A slight reduction in the Si doping level was also observed. No S incorporation into the GaP epitaxial layers was observed for growth at these higher temperatures. Generally, Si doping is known to increase while S doping to decrease as the growth temperature is increased.

Surprisingly, however, the effect of Bi on Zn concentration appears to be insignificant at 775° C. In the layers grown both with and without Bi, the Zn:H ratio is observed to be approximately 2:1, considerably lower than the values in the GaP layers grown at 650° C.

The effect of Sb during growth at 775° C. is shown in FIG. 6. The C concentration was observed to drop from approximately 2×1018 cm−3 in the layers grown without surfactant to a value of <2×1016 cm−3, most likely the SIMS detection limit, in the layer grown with Sb present. The data in FIG. 6 also show a clear decrease in Si doping for the layer grown with Sb.

As with Bi, the surfactant Sb appeared to have very little effect on the Zn incorporation. The H incorporation also decreased when Sb is added to the system during growth. This can be explained by the combination of Zn and C doping. Clearly, H incorporation is larger in the layers highly doped with C, which accounts for the drop in H in the layer grown with Sb. This layer, which contains little C, demonstrates a Zn:H ratio of approximately 5:1, a value similar to those reported above for layers grown at 650° C. The values of the Zn:H ratios as observed in these experiments are summarized in Table II. The increased H in the layers grown without Sb indicates a C:H ratio of approximately unity, much larger than the Zn:H ratios.

Example 5

To more clearly study the Zn, C and H incorporation at 775° C., a three layer structure was grown with decreased Zn/III ratio in the vapor. As demonstrated in FIG. 7, this decreased ratio results in a Zn concentration in the layers grown without Sb of approximately 8×1016 cm−3, more than 2 orders of magnitude lower than for the data shown in FIG. 6. Marked reductions in C and Si concentrations due to the presence of Sb were noted under these conditions.

In addition, the increase in Zn doping by a factor of 5 produced by the addition of surfactant Sb to the system reappears. This supports the assertion that the flat Zn doping in FIGS. 5 and 6 is due to Zn diffusion. As the temperature decreases the Zn diffusion length is reduced, as clearly observed at the substrate/epitaxial layer interface. This significant decrease in Zn diffusion occurs because the diffusion coefficient is strongly dependent on Zn concentration due to the interstitial diffusion mechanism. This suggests that Zn diffusion between the layers in FIGS. 5 and 6 is larger than between the first layer and the substrate, due to the increased Zn incorporation induced by the Sb and Bi.

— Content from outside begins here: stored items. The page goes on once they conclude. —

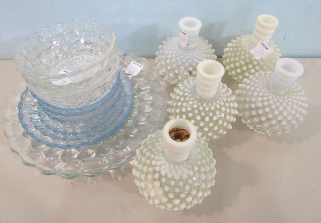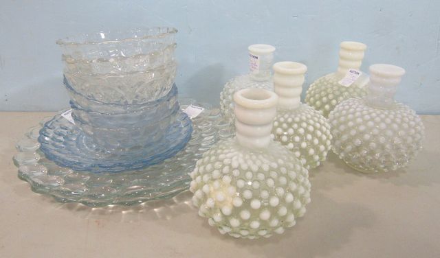 752 Five Hobnail Fenton Perfume Bottles without Stoppers and a Group of Bubble Pattern Glass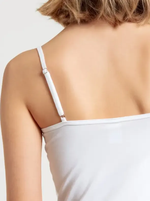 Das Spaghetti-Top im Doppelpack aus der Serie BENEFIT WOMEN von CALIDA bietet natürlichen Tragekomfort und schlichte Eleganz. Hergestellt aus hochwertiger Baumwolle mit Elasthan, sorgt es für ein angenehmes Hautgefühl und eine lange Haltbarkeit. Die elastische und langlebige Single Jersey-Qualität sowie die langanhaltende Farbbrillanz machen dieses Unterhemd zur perfekten Wahl für den täglichen Gebrauch.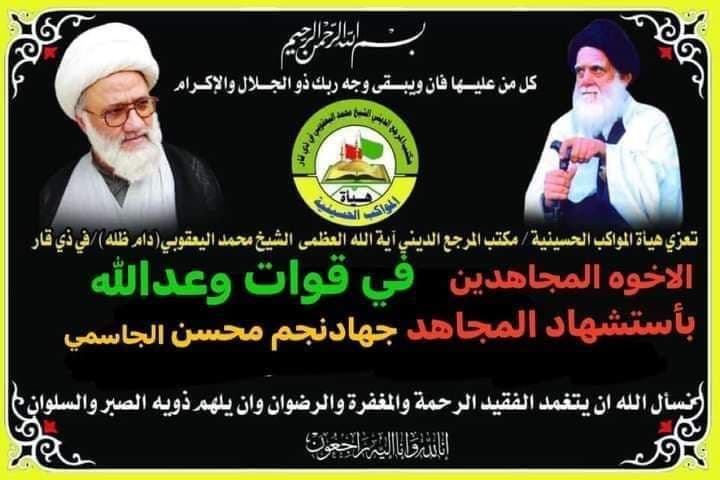 قدّم وفد من مكتب سماحة المرجع الديني الشيخ محمد اليعقوبي (دام ظله) في ذي قار، اليوم الأربعاء، تعازيه ومواساته الخالصة لذوي الشهيد (جهاد نجم محسن) في قوات وعد الله لواء ٣٣.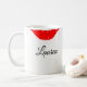 Ceramic coffee mug shown with a lips print and a custom name sample.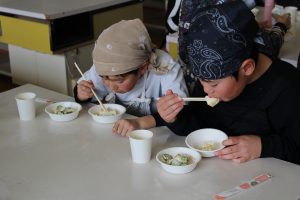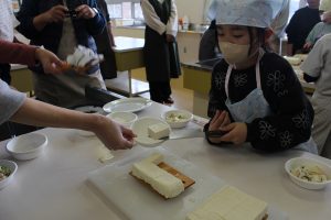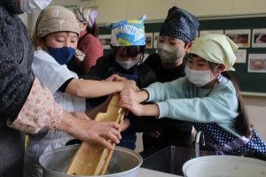 3年生が種から育てた大豆を調理して、豆腐を作りました。子供たちは細久手長寿会の方、JAとうとの方、保護者の方の応援をいただきながら、豆腐作りの手順に沿って楽しく豆腐を作っていました。できた豆腐とおからはみんなで美味しくいただきました。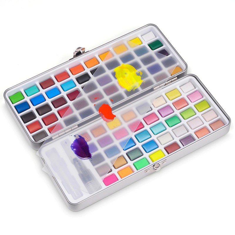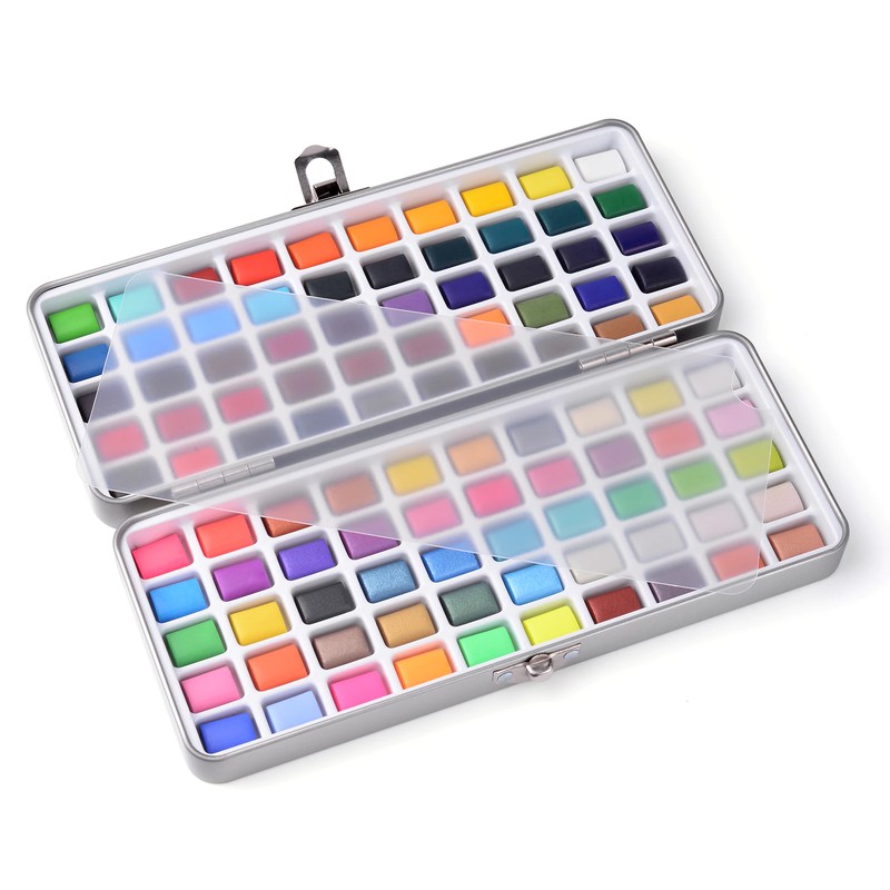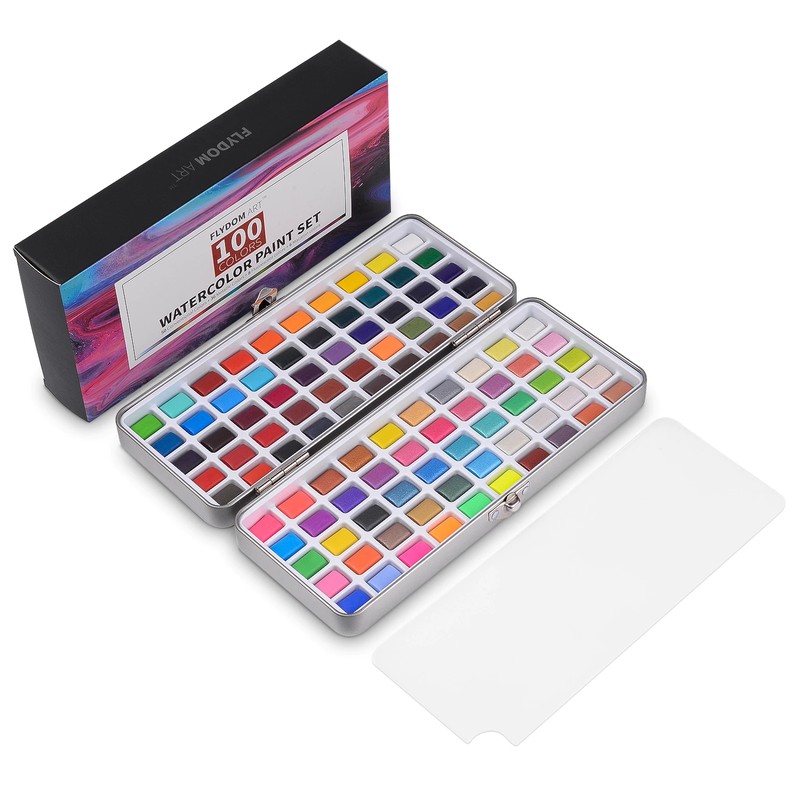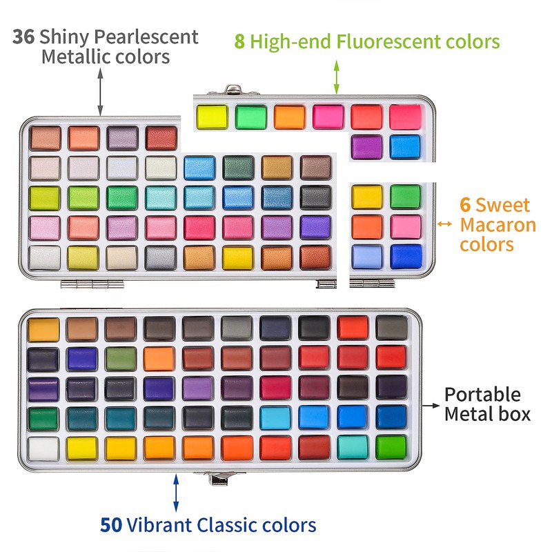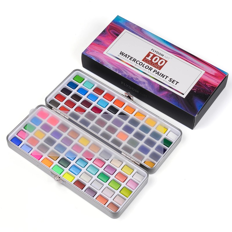 Nous avons changé certains de nos designs et ajouté des macarons et des couleurs fluorescentes plus haut de gamme, nous avons donc cet ensemble incroyable de peintures aquarelles solides de 100 couleurs.
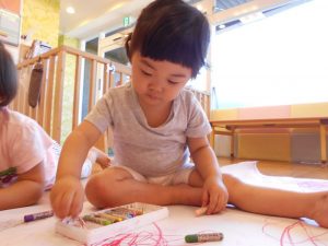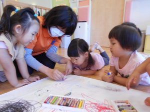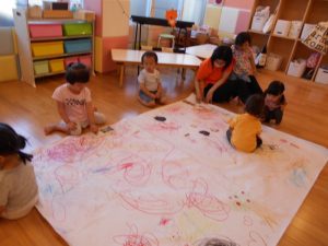 大きな真っ白な紙に書きはじめる子どもたちは…「何色で描こうかな⁇」「どこに描こうかな⁇」と考えながらニコニコ嬉しそうでした![]()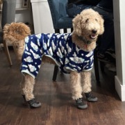 Yellow Goldendoodle he was wearing a blue and green sweater when lost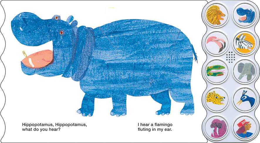 - As each new animal appears on the bright, colorful pages, children will love to find, then press the right button to hear the noises that the braying zebra, roaring lion, fluting flamingo and other amazing animals make.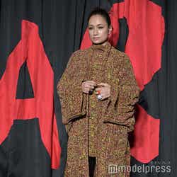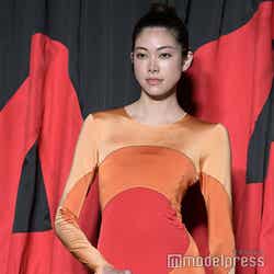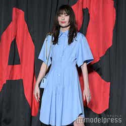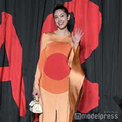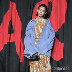 桐谷は春らしいフェミニンなドレスに敢えてオーバーサイズのデニムを合わせたと解説。ワンピースのスリットから美脚をのぞかせた。武井咲、第2子出産後初の公の場に登場
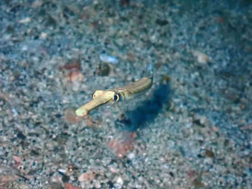 久々に行った深場の砂地で、アオヤガラの幼魚。お写真では伝わりにくいですが、ちょうど鉛筆ほどの大きさで、かわいかったです。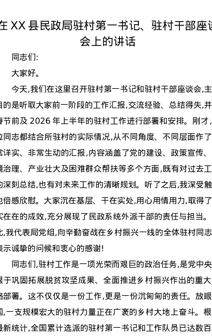 在XX县民政局驻村第一书记、驻村干部座谈会上的讲话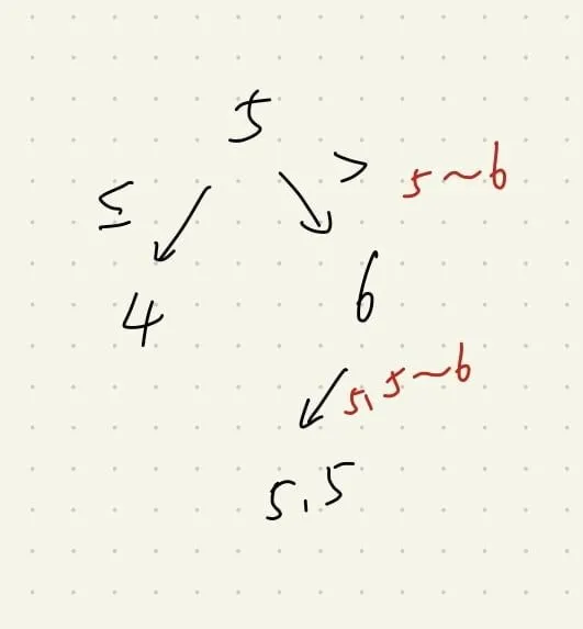 由圖上我們可以發現隨著搜尋過程中,target 區間正在不斷的縮小,此題就是利用這個特性。
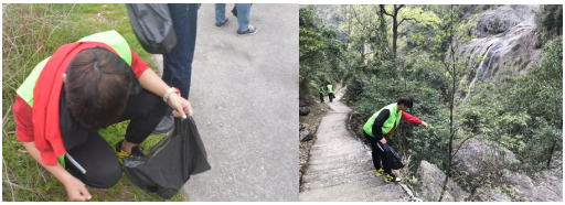活动当天下午,环保专业学生、环保企业员工等六十多名志愿者集合永嘉绿色动力再生能源有限公司大门口浩浩荡荡地出发,有提垃圾袋的,有拿钳子的,从永嘉三江街道梅园村岭脚至胜美尖顶,一路捡拾垃圾。这里山泉甘美,草木丰茂,奇花异草随处可见,生态绝佳。胜美尖不仅有陡壁奇峰,还有山涧的潺潺流水。志愿者们热情高涨,直叹风景优美的同时更增添了一份保护环境、保护生态的责任心。志愿者们以身示范的行为带动了更多的行人不随手乱丢垃圾,积极为守护绿水青山献出自己的一份力。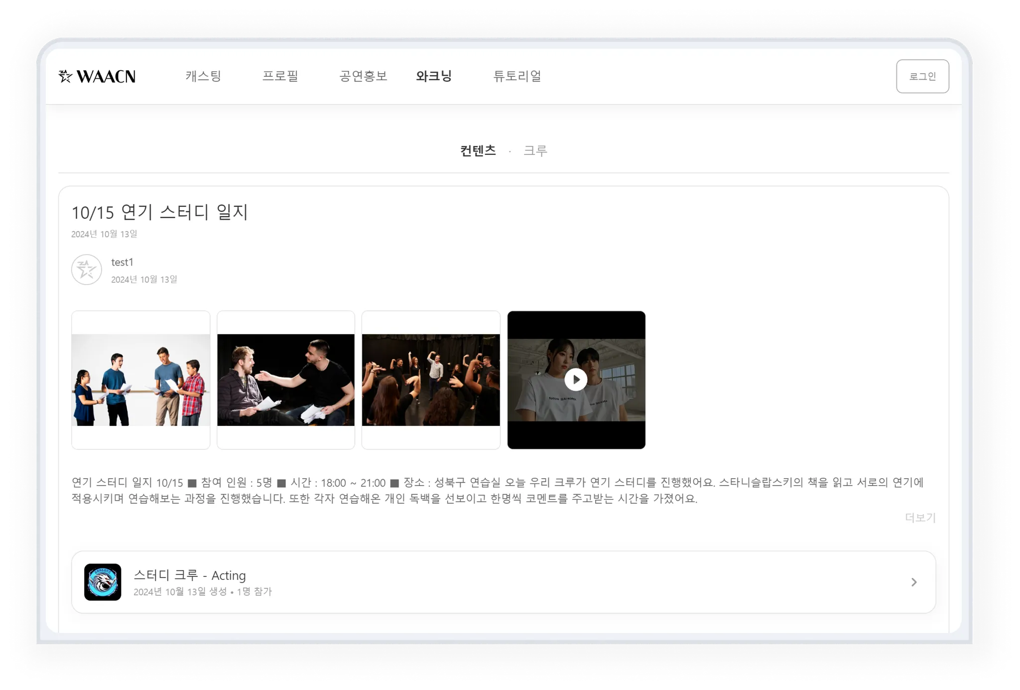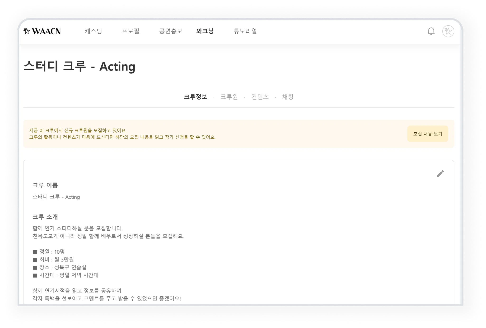 크루원들과 함께한 활동을 컨텐츠란에 홍보하고 기록해보세요.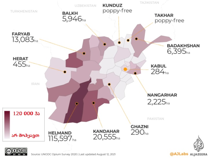 ავღანეთი მსოფლიოში პირველ ადგილზეა ოპიუმის ყაყაჩოს კულტივაციის თვალსაზრისით. მისგან კი, ჰეროინი მზადდება. 2020 წლის მონაცემებით, ქვეყანაში 224 ათას ჰექტარზე მოჰყავთ ოპიუმის ყაყაჩო. ამ ფართობის ნახევარზე მეტი, 115 597 ჰექტარი მხოლოდ ჰელმანდის პროვინციაზე მოდის. გასულ წელს 6 300 ტონამდე ოპიუმის ყაყაჩო აწარმოეს, რომლის ღირებულებამაც $350 მილიონი შეადგინა.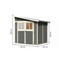 Deux grilles de ventilation sont placées sur les pignons, pour un renouvellement permanent de l’air. La large porte verrouillable (100x171cm) offre un accès aisé, et son seuil est rabaissé pour le passage d’objets roulants. Elle peut se monter avec les charnières à gauche ou à droite. Cet abri mono-pente est garanti 10 ans.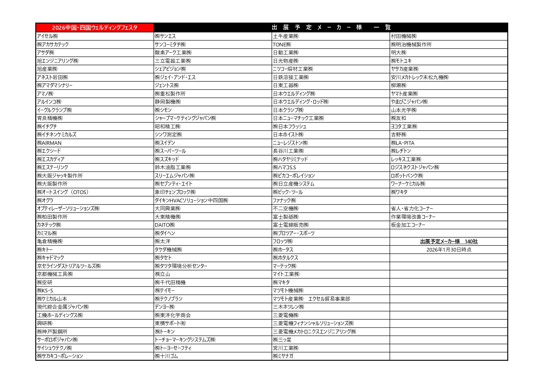 出展メーカー一覧
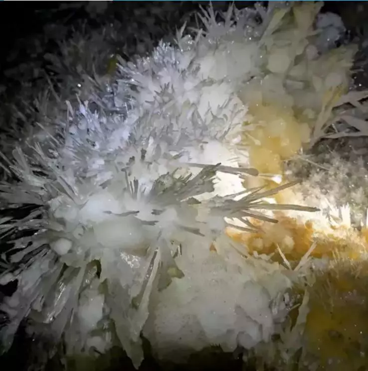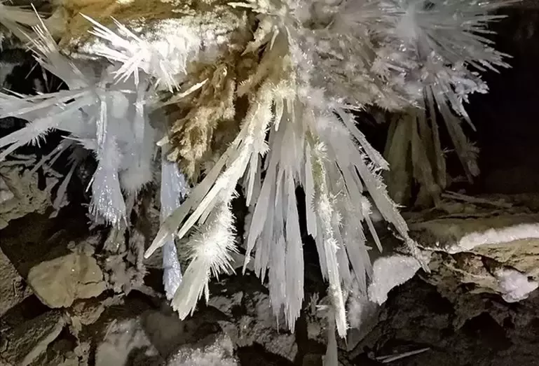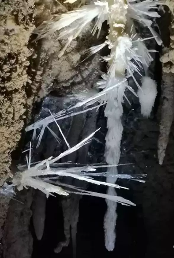 銅仁晶洞宮位于貴州省銅仁市九龍洞溫泉附近的錦江左岸,系2018年4月修建渝懷鐵路復線時偶然發現,近日在網上曝光,頓成網紅。專家實地考察,晶洞宮已勘察兩層洞道,上層約600米,下層約100米;鶐r地層應為寒武系白云巖,晶體類型多樣,琳瑯滿目,千姿百態。主要發育文石、方解石、石膏三大類晶體,分布面積約1500平方米。晶體形態有球狀、花狀、枝狀、絮狀、針狀、管狀、柱狀、放射狀、卷曲狀、幕簾狀等十余種,令人驚艷,為國內少見。現根據網上資料,從旅游地學科普與審美角度,初步歸納、整理如下,供大家分享。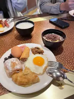 Dinner on the first day was at the Vista Restaurant on the 3rd floor, divided into two seatings: 5 PM and 7 PM. We were in the 7 PM seating. Once seated, it’s recommended to order immediately as the ordering and serving process is quite slow—we didn’t start eating until almost 8 PM. During dinner, photographers came to take pictures of us, but if you want the photos, you’ll need to pay extra. You can purchase them directly using your room card at machines on the 5th floor.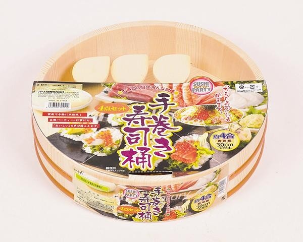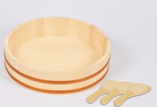 約4合のシャリが入る、直径30cmの寿司桶としゃもじ3本のセットです。おうちで楽しく寿司パーティーしましょう☆

The SIMS data from FIG. 7 are somewhat unclear, but it appears that the C:H ratio in the layers grown without surfactant is greater than or equal to 1 and the Zn:H ratio in the layer grown with Sb present is approximately 2.

The present invention may be embodied in other specific forms without departing from its spirit or essential characteristics. The described embodiments are to be considered in all respects only as illustrative and not restrictive. The scope of the invention is, therefore, indicated by the appended claims rather than by the foregoing description. All changes which come within the meaning and range of equivalency of the claims are to be embraced within their scope.